Friday, November 28, 2008

Tradition

Isn't the basic meaning of tradition, things that reoccur at the same times, places, with the same people, etc.? I never though of myself as a big traditionalist, but as soon as things started to change I found myself getting upset. I liked always having every Holiday meal and celebration at my grandma's every year of my childhood. Things have changed since my dad has gotten remarried.

Now, we have Thanksgiving at my house every year, which is okay with me now but wasn't okay at first. My step-mom completely took over, I felt. She made all different kinds of food that WAS NOT my grandmother's recipe. I resented her for it. I realize now I was immature, that was almost 10 years ago. I have grown completely accustomed to having Thanksgiving at my house. My step-mom even asks my grandma to make the things of hers that she knows I love the most.

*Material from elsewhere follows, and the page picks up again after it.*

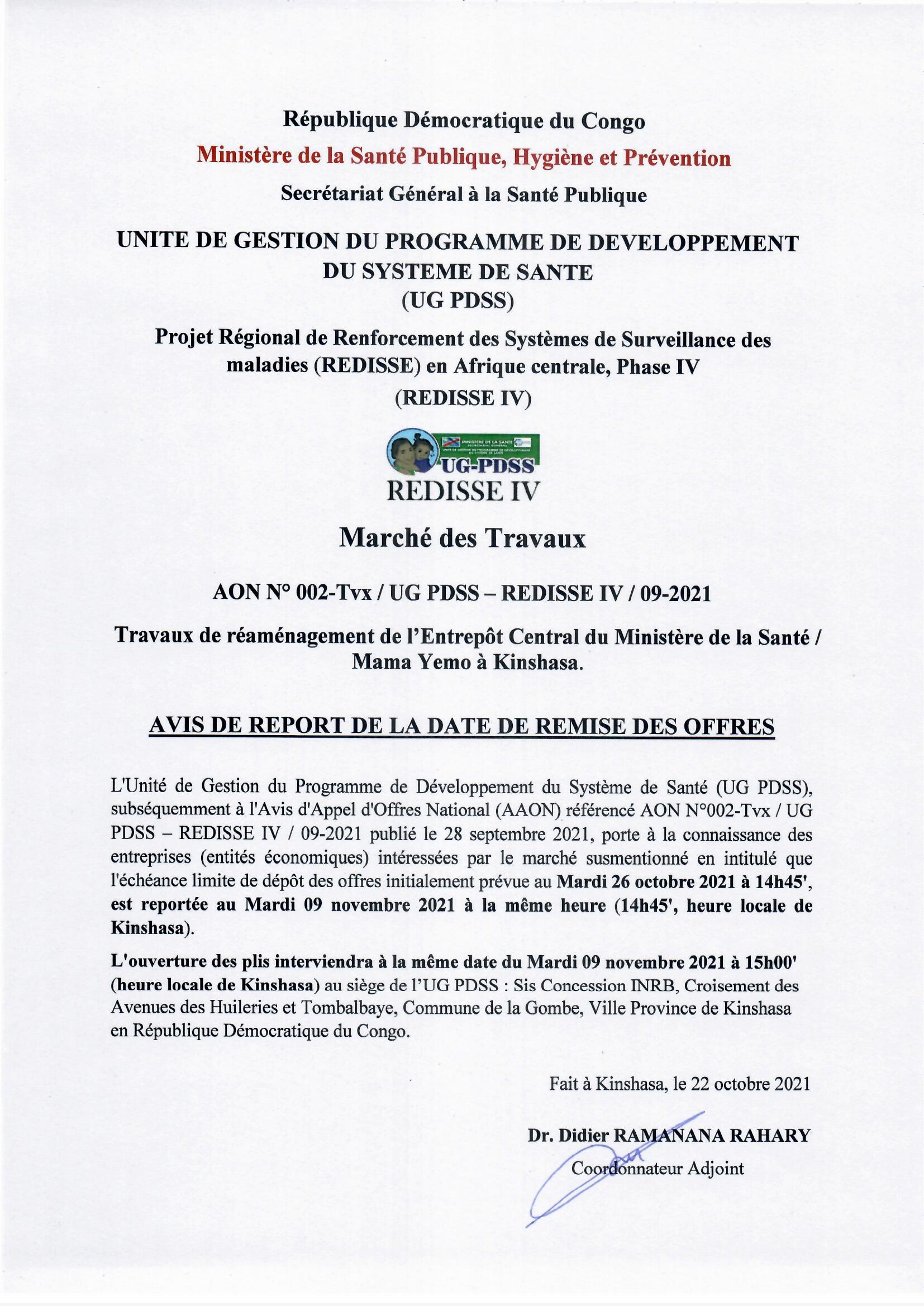 By Guylain Mafuta Avis de report de la date de remise des offres : Travaux de réaménagement de l’Entrepôt Central du Ministère de la Santé / Mama Yemo à Kinshasa RDC Publié il y a 4 ans Les candidatures sont actuellement fermées. Site ugpdss.cd UG-PDSS - REDISSE IV No Comments 23 octobre 2021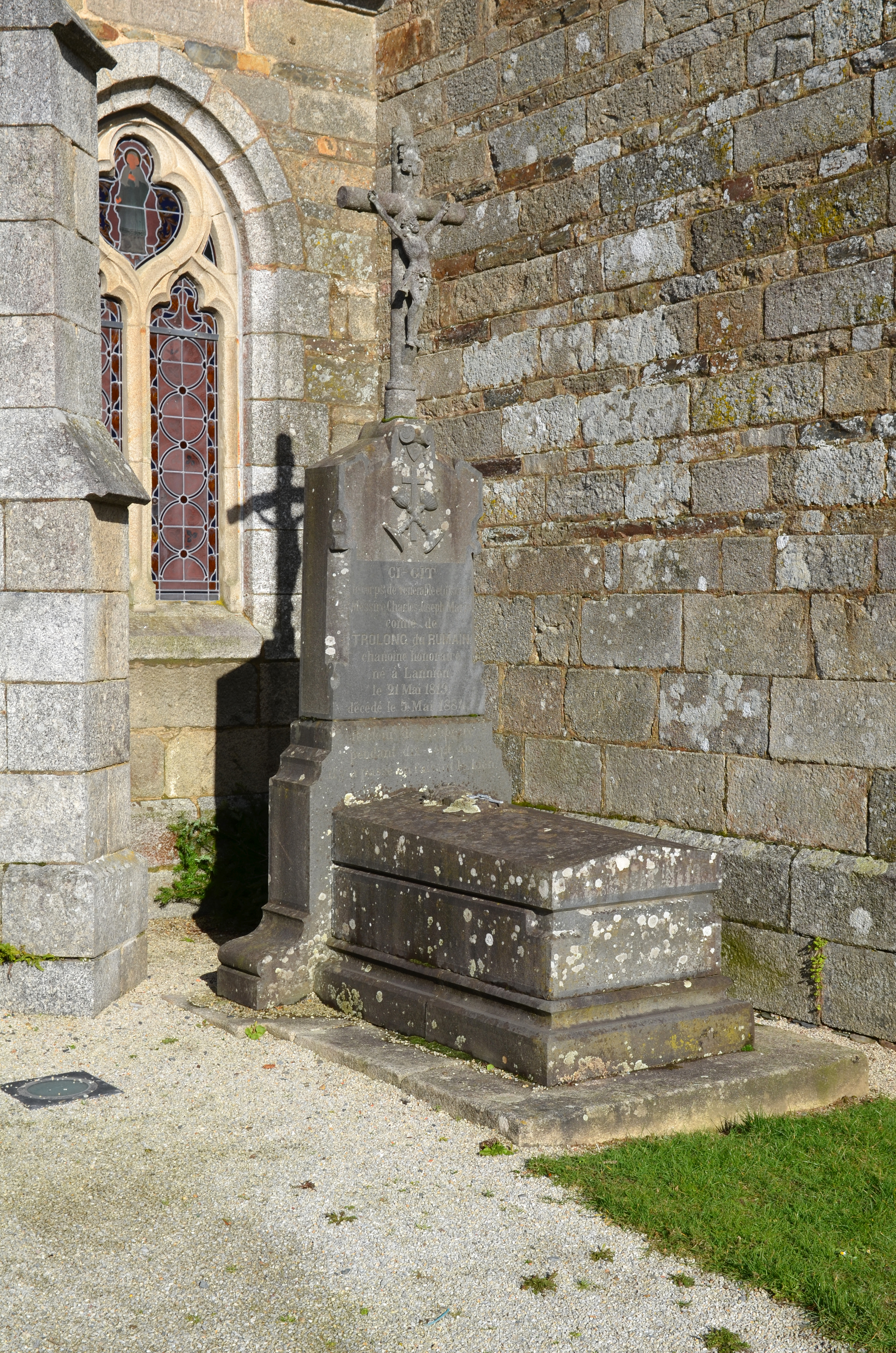 Ploubezre, le bourg : cimetière de l'église paroissiale Saint-Pierre, tombeau de Charles Joseph Marie, comte de Trolong du Rumain, recteur de Ploubezre pendant 17 ans, chanoine honoraire (1819-1884)Immatriculation

While Thanksgiving is now under control and is a great new tradition, Christmas is now getting a makeover too. I am completely against my parents new idea of the tradition they want for Christmas and its causing a lot of fighting in the family. We have a house in Taos, New Mexico and my parents want to go there for Christmas every year. The only problem is...my grandparents will not be there! What is Christmas without my grandparents? I realize people get married and new traditions begin but couldn't they wait to change their Christmas traditions until I'm older and have my own family? I feel that my dad, my step-mom, and my two little brothers are starting all of these traditions and I am left out. They are including my, of course, but I do not want to participate. No one has ever once asked me how I feel about all of these changed. Sometimes I think maybe I am being selfish, but no, they are being selfish. I want the entire family together and they want to run away to New Mexico for the Holidays. Not fair.